Problem requirements
Set out exactly every line of the entries below, starting at the line that holds "HP = Heat Pump" and stopping after the line that holds "- Below this".

Data supplied
++++++++++
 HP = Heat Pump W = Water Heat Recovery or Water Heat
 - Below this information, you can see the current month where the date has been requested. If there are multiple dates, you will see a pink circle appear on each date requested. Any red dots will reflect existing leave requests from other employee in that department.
++++++++++
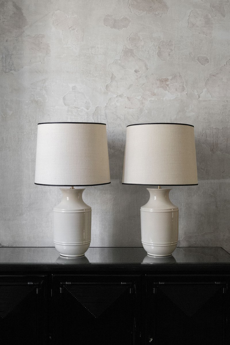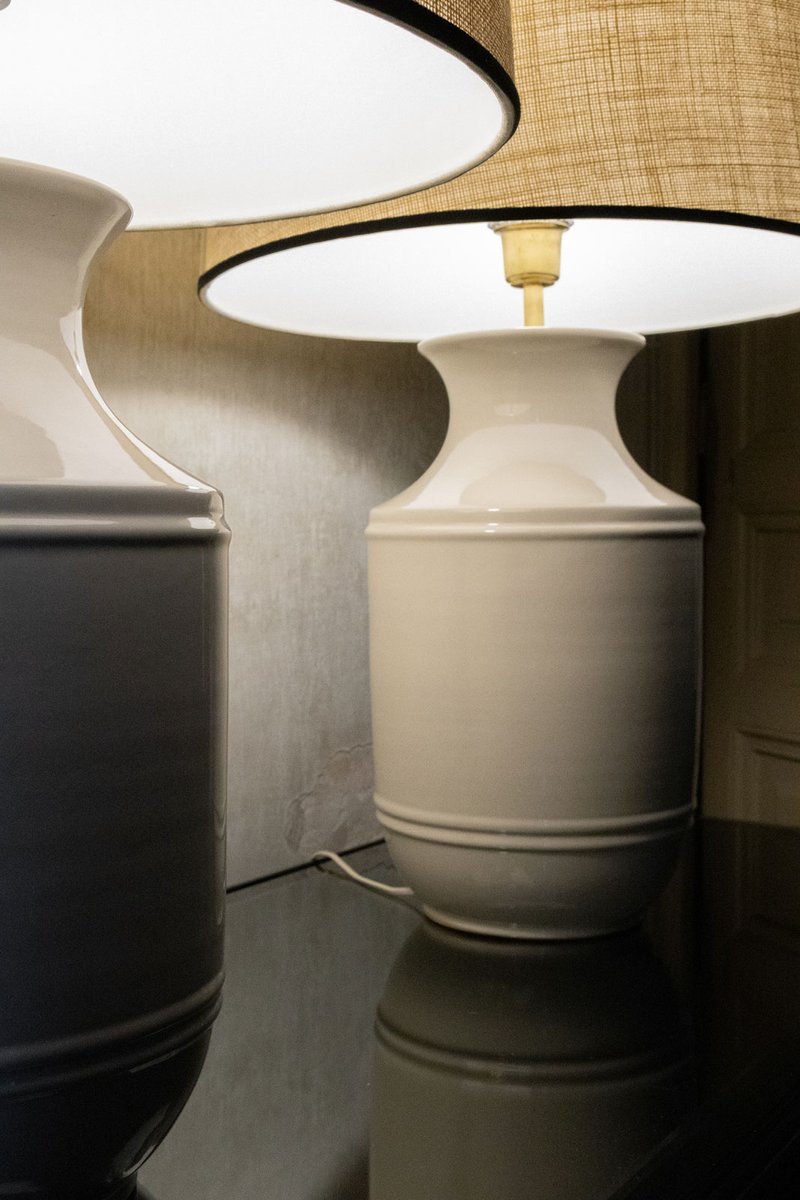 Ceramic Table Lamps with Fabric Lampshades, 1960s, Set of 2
++++++++++
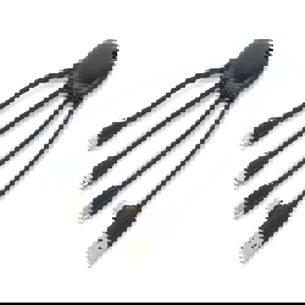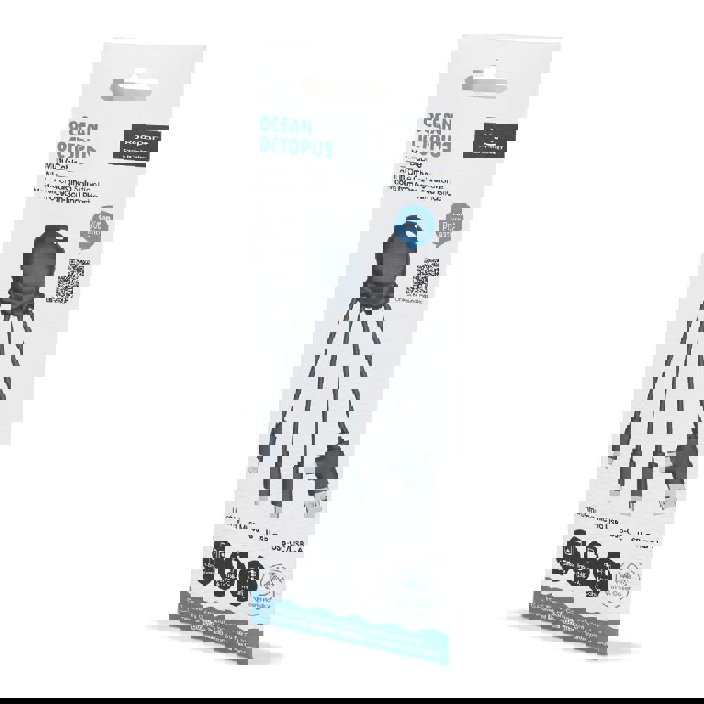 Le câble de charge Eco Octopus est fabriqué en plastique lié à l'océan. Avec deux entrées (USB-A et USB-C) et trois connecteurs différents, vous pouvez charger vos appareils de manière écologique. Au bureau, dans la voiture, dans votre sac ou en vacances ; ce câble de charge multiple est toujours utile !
++++++++++
Result of this task
 HP = Heat Pump W = Water Heat Recovery or Water Heat
 - Below this information, you can see the current month where the date has been requested. If there are multiple dates, you will see a pink circle appear on each date requested. Any red dots will reflect existing leave requests from other employee in that department.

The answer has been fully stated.